For a reference to another view (more optimistic towards globalization,) check this out:
http://edgeperspectives.typepad.com/edge_perspectives/2005/04/wolf_on_china_a.html
...more on the German frustration with capitalism and its globalization trend:
Guenter Grass Sees Threat To Democracy in Free Markets
In a week when the capitalism debate reaches fever-pitch to the point where people start calling each other anti-Semitic, Germany also sees the 60th anniversary of the end of World War II. The writer Guenter Grass combines the two issues in a lead front-page article for the weekly paper Die Zeit and says he doesn't like the direction Germany is headed.
Guenter Grass: having overcome Nazism, and communism, Germany now has to deal with capitalism
Nobel Prize-winning author Guenter Grass is not only one of Germany's most important living writers, he is also the country's most political cultural figure. It is little wonder then that he is not going to hold his tongue when it comes to the capitalism debate, especially when far less sage commentators are refusing to hold theirs.
Born in 1927 in Gdansk, then the German city of Danzig, Grass, having himself experienced at first hand many of the major events of German 20th century history, has taken on a role as the country's national conscience.
He served in the German Luftwaffe and was 17 years old when the war came to an end on May 8, 1945. Until 1946, he was interned by American forces. It is with his memories of the end of the war 60 years ago, describing himself as a "17 year-old idiot, who right up to the finish of the war, believed in the Endsieg(Nazi Victory)" that Grass opens his essay.
He goes on to chart the post-war period in Germany, saying that in retrospect Germans contributed very little to their own liberation. But he adds that the country can be proud of the way large proportions of the population where resettled.
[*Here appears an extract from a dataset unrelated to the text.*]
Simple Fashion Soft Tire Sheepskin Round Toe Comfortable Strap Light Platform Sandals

Grass charts Germany's road to recovery: from Stunde Null, or Hour Zero, when the whole country effectively started from scratch, through the gradual coming to terms with Nazi guilt, to reunification 15 years ago.
But it is the way the country has been managed since the Wall came down, that Grass criticizes most strongly. "It has been 15 years since the treaty of reunification was signed and it is no longer possible to gloss over or ignore the fact that we have completely failed to successfully unify Germany, despite all the financial contributions which have been made."
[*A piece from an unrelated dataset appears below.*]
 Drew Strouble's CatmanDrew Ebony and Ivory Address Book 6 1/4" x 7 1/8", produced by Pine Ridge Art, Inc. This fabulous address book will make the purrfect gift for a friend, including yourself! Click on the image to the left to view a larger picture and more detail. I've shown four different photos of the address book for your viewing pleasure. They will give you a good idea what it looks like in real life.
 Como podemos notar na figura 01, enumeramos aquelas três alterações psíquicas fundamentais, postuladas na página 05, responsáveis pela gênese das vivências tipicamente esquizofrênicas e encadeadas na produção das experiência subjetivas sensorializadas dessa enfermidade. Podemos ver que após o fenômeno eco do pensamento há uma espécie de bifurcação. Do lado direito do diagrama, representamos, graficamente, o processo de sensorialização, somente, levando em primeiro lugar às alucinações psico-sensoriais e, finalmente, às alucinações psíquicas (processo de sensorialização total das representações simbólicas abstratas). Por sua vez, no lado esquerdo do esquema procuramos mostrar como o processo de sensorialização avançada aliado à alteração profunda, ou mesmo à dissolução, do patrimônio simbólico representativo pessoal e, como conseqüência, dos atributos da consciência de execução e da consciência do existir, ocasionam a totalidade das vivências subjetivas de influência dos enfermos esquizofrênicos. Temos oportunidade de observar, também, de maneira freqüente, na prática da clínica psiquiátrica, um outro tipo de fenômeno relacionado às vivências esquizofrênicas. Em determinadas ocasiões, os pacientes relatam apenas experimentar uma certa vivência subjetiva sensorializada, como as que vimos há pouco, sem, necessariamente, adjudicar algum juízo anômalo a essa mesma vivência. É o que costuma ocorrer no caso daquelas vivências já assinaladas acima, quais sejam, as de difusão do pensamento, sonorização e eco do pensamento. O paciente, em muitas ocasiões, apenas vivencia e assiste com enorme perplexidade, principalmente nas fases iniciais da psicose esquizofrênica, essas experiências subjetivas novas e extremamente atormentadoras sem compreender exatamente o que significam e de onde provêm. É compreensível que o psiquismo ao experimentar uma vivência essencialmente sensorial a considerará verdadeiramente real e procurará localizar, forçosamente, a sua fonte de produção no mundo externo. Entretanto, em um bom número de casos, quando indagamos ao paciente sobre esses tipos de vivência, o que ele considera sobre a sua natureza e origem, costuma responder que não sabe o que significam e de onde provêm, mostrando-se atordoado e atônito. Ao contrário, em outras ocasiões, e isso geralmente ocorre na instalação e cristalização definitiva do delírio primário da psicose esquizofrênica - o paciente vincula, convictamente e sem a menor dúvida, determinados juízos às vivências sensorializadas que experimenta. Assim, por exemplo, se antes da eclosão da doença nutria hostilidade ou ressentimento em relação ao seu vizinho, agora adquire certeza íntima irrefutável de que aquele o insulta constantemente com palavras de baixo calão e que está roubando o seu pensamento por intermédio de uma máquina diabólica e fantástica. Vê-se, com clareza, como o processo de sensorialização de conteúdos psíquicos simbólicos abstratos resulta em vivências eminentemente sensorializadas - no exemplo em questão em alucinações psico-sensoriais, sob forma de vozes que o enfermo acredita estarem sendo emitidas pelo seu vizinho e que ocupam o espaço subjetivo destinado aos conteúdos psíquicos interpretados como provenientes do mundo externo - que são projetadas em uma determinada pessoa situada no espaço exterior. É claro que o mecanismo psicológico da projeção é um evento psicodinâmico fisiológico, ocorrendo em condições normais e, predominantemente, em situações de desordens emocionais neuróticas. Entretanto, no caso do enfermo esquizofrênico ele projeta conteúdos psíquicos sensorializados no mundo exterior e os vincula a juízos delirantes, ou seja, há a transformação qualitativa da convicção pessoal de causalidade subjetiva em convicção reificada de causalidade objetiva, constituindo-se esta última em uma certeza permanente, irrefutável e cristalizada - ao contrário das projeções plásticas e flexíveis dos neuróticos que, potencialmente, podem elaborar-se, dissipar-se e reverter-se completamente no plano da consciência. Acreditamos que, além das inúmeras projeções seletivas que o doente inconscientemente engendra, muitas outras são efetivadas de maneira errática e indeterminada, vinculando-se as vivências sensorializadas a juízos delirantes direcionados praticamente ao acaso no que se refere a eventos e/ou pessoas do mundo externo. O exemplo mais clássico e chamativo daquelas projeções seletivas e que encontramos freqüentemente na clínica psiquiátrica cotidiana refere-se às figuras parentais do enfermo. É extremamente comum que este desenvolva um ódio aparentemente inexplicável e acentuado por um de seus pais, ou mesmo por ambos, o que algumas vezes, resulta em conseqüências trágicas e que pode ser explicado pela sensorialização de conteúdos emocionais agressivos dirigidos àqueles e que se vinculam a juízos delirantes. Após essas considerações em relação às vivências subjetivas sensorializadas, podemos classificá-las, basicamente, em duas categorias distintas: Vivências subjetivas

For Grass it is clear that this failure has resulted in economic disaster for the states that comprise the former East Germany. "Unemployment rates in the east are double those of the west. ... whole stretches of the countryside, villages and towns are being deserted." According to the writer, no amount of talking or debating amongst public figures will remedy the situation, and he questions whether even parliamentary democracy is capable of doing anything. "Parliament's legitimately elected representatives are constricted, influenced and pressurized by groups of lobbyists from various interest groups, even to the point where these lobbyists have a say in the wording and formulation of law."
Grass goes on to say that parliament is "dependent on powerful economic organizations, banks and companies, none of which bow down to democratic control. Legislators have become a joke, parliament has become a branch of the stock exchange and democracy is now subject to the whims of the flight of global capital." It is no wonder people are losing their faith in democracy, Grass writes and asks what has happened to the freedom which was granted to us 60 years ago.
The author goes on to say that Germany is in danger of becoming a class society, something believed to be long-since obsolete. "That which is being presented as neo-liberal is showing itself to be a step-back into the inhumane days of early-capitalism. And the social market economy ... is degenerating into a free market, which views social responsibility as a burden and the striving for profit as sacrosanct."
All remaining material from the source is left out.